US Embassy in Cairo, 17 Dec. 2007

It’s like a meeting with a dietitian. We need to make the Palestinians lose weight, but not to starve to death.

Dov Weissglas, adviser to Israeli PM, 2006

WikiLeaks cable: Chile suspected that the US exported biological agents to Pinochet regime

A newly released State Department cable details the Chilean government’s investigation of the 1982 death of ex-president Eduardo Frei Montalva. The Chileans had just charged six people with assassinating him by poisoning him with a chemical agent of some sort. In the middle of discussing the US government’s involvement in the investigation, a few small details about a Chilean inquiry to the US government are revealed.

U.S. involvement in the investigation took another strange turn in October 2009 when two Chilean Policia de Investigaciones (PDI) officers assigned to the Frei case attempted to speak with officials from the Centers for Disease Control (CDC) in Atlanta. The officers wanted to know if the CDC sent strains of “clostridium botulinum” (toxin or antidote) to the Chilean Institute of Public Health in 1981 or 1982. The officers requested the meeting with the CDC through the Pan-American Health Organization (PAHO) rather than through a U.S. law enforcement agency, creating another situation where Chilean authorities did not follow proper protocols. After consulting with Post and [Bureau of Western Hemisphere Affairs], the CDC declined to meet with the Chilean officers because they did not follow established rules for arranging such a meeting. The State Department’s Chile desk officer verbally notified the Chilean Embassy in Washington about the need to follow proper channels when conducting investigations and Post’s Legatt discussed the issue with the PDI officials (US Embassy in Santiago, 4 Feb. 2010, ¶ 11).

It seems relevant to note that clostridium botulinum was one of those exported to Iraq in the 1980s according to a 1994 report by the Senate Banking Committee.

It may also be worth noting that this is not the first time the US has been suspected of providing biological warfare agents to Latin American rightists.

[In 1981] an epidemic of dengue fever swept the Cuban island.

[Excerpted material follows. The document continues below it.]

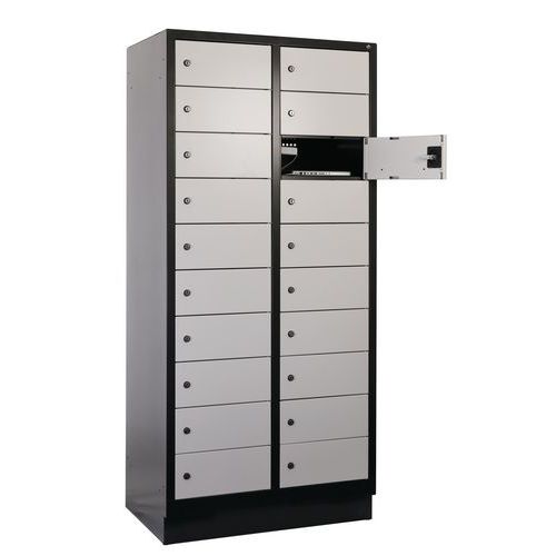 Armadio in acciaio con sistema di collegamento interno per PC.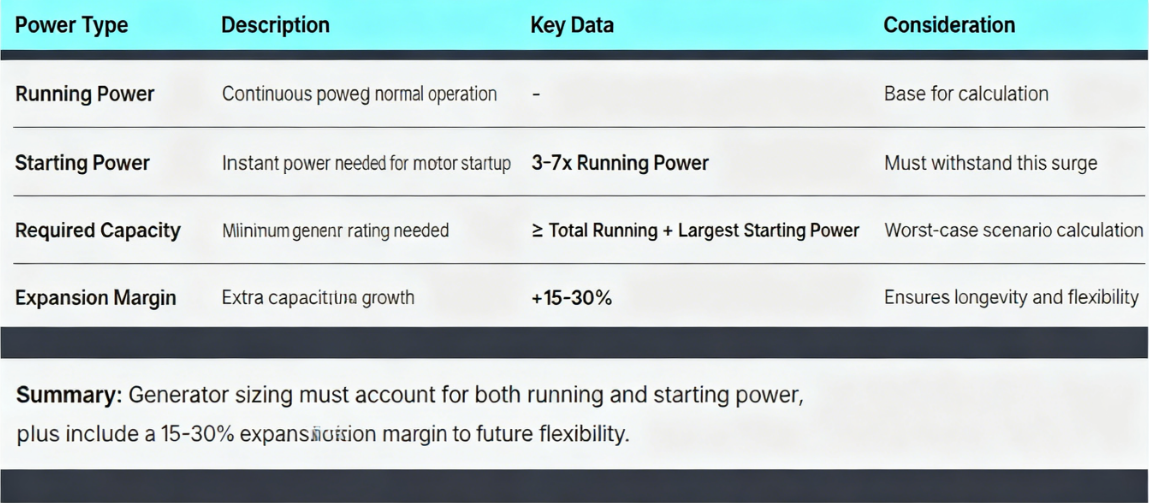 Учитывайте пусковой ток: пусковой ток для индуктивных нагрузок, таких как компрессоры кондиционеров и водяные насосы, может в 3–7 раз превышать их рабочий ток. Генераторная установка должна выдержать этот мгновенный удар.

Transmitted by blood-eating insects, usually mosquitos, the disease produces severe flu symptoms and incapacitating bone pain. Between May and October 1981, over 300,000 cases were reported in Cuba with 158 fatalities, 101 of which were children under 15. In 1956 and 1958, declassified documents have revealed, the US Army loosed swarms of specially bred mosquitos in Georgia and Florida to see whether disease-carrying insects could be weapons in a biological war. The mosquitos bred for the tests were of the Aedes Aegypti type, the precise carrier of dengue fever as well as other diseases. In 1967 it was reported by Science magazine that at the US government center in Fort Detrick, Maryland, dengue fever was amongst those “diseases that are at least the objects of considerable research and that appear to be among those regarded as potential BW [biological warfare] agents.” (William Blum, Killing Hope, Ch. 30)

In the 1984 trial of Cuban exile Eduardo Victor Arocena Perez, the defendant testified about a boat which traveled to the island in 1980:

The group that was ahead of me had a mission to carry some germs to introduce them in Cuba to be used against the Soviets and against the Cuban economy, to begin what was called chemical war, which later on produced results that were not what we had expected, because we thought that it was going to be used against the Soviet forces, and it was used against our own people, and with that we did not agree. (Transcript, 10 Sep. 1984, p. 2187)

In short, there is much evidence to suggest that the US has given dangerous biological warfare agents to unsavory characters that it viewed as favorable at the time.